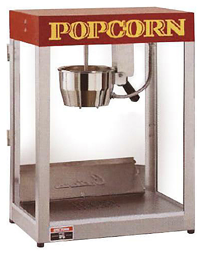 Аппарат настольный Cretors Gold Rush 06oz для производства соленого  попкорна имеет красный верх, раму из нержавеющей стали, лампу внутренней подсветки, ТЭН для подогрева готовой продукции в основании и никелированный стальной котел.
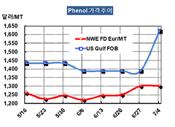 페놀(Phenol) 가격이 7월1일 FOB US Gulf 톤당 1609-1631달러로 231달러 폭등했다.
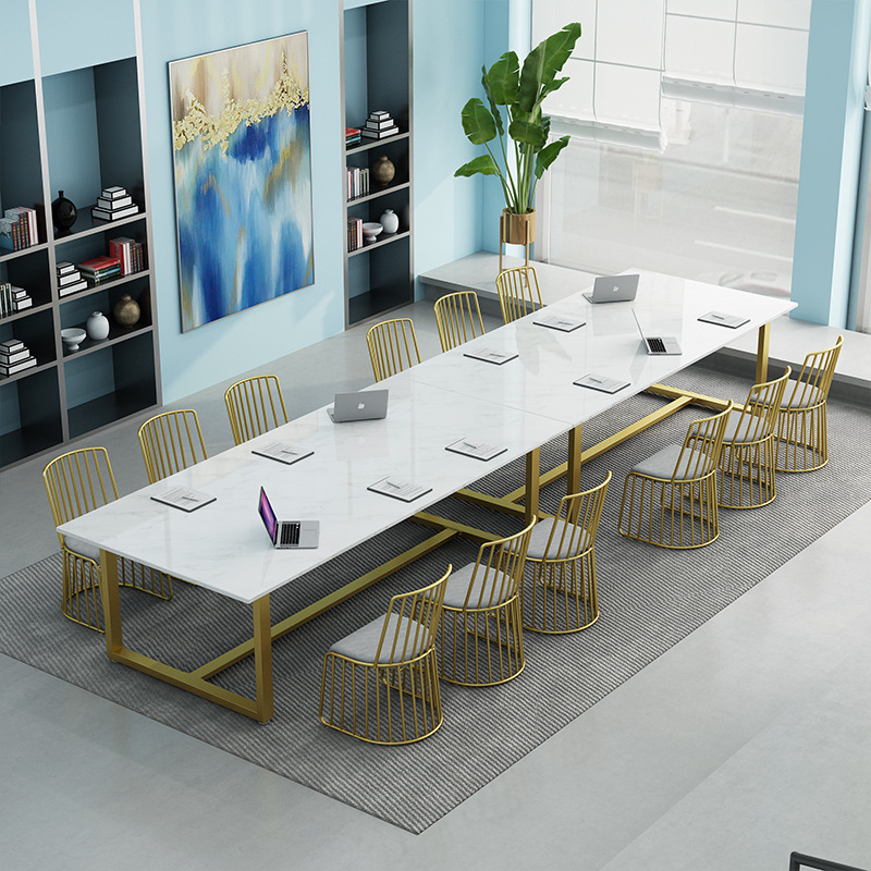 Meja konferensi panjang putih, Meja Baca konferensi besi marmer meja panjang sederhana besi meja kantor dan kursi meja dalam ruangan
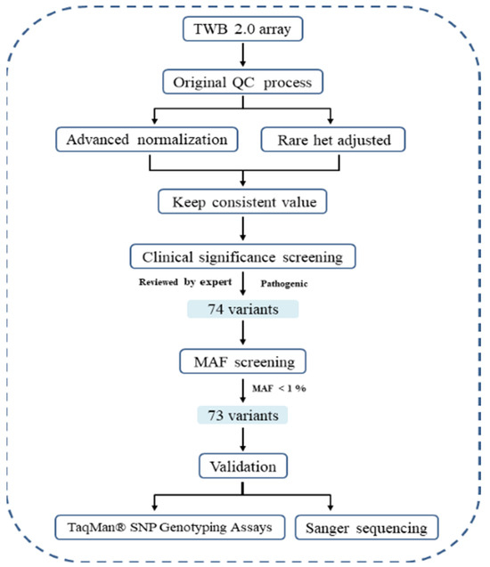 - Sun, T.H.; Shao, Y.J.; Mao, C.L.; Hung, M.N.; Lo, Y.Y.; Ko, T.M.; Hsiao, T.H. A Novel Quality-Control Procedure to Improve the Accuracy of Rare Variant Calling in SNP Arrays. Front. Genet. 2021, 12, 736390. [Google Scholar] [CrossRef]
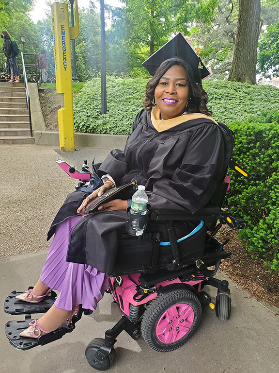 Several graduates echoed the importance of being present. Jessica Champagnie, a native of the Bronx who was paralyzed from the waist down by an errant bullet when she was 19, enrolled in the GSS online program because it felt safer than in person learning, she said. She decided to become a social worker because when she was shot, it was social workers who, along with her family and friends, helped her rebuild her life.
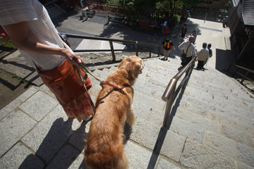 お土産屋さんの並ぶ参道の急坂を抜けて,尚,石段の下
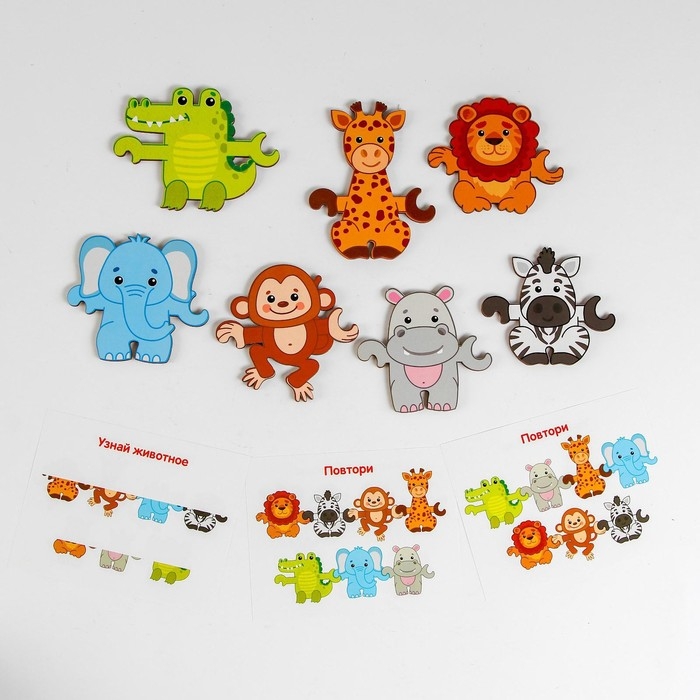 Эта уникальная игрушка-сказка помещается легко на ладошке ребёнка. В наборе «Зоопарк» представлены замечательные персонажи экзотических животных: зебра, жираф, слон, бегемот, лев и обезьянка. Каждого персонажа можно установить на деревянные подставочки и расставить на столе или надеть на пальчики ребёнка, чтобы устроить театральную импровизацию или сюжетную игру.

● ● ● ● ● ● ●

__HOW TO COMPLETE THIS TASK__. With the pictures excluded, retype exactly the lines from the one containing "- Sun, T.H.;" through the last line of the listing, both ends included.

__ANSWER BELOW__.
 - Sun, T.H.; Shao, Y.J.; Mao, C.L.; Hung, M.N.; Lo, Y.Y.; Ko, T.M.; Hsiao, T.H. A Novel Quality-Control Procedure to Improve the Accuracy of Rare Variant Calling in SNP Arrays. Front. Genet. 2021, 12, 736390. [Google Scholar] [CrossRef]
 Several graduates echoed the importance of being present. Jessica Champagnie, a native of the Bronx who was paralyzed from the waist down by an errant bullet when she was 19, enrolled in the GSS online program because it felt safer than in person learning, she said. She decided to become a social worker because when she was shot, it was social workers who, along with her family and friends, helped her rebuild her life.
 お土産屋さんの並ぶ参道の急坂を抜けて,尚,石段の下
 Эта уникальная игрушка-сказка помещается легко на ладошке ребёнка. В наборе «Зоопарк» представлены замечательные персонажи экзотических животных: зебра, жираф, слон, бегемот, лев и обезьянка. Каждого персонажа можно установить на деревянные подставочки и расставить на столе или надеть на пальчики ребёнка, чтобы устроить театральную импровизацию или сюжетную игру.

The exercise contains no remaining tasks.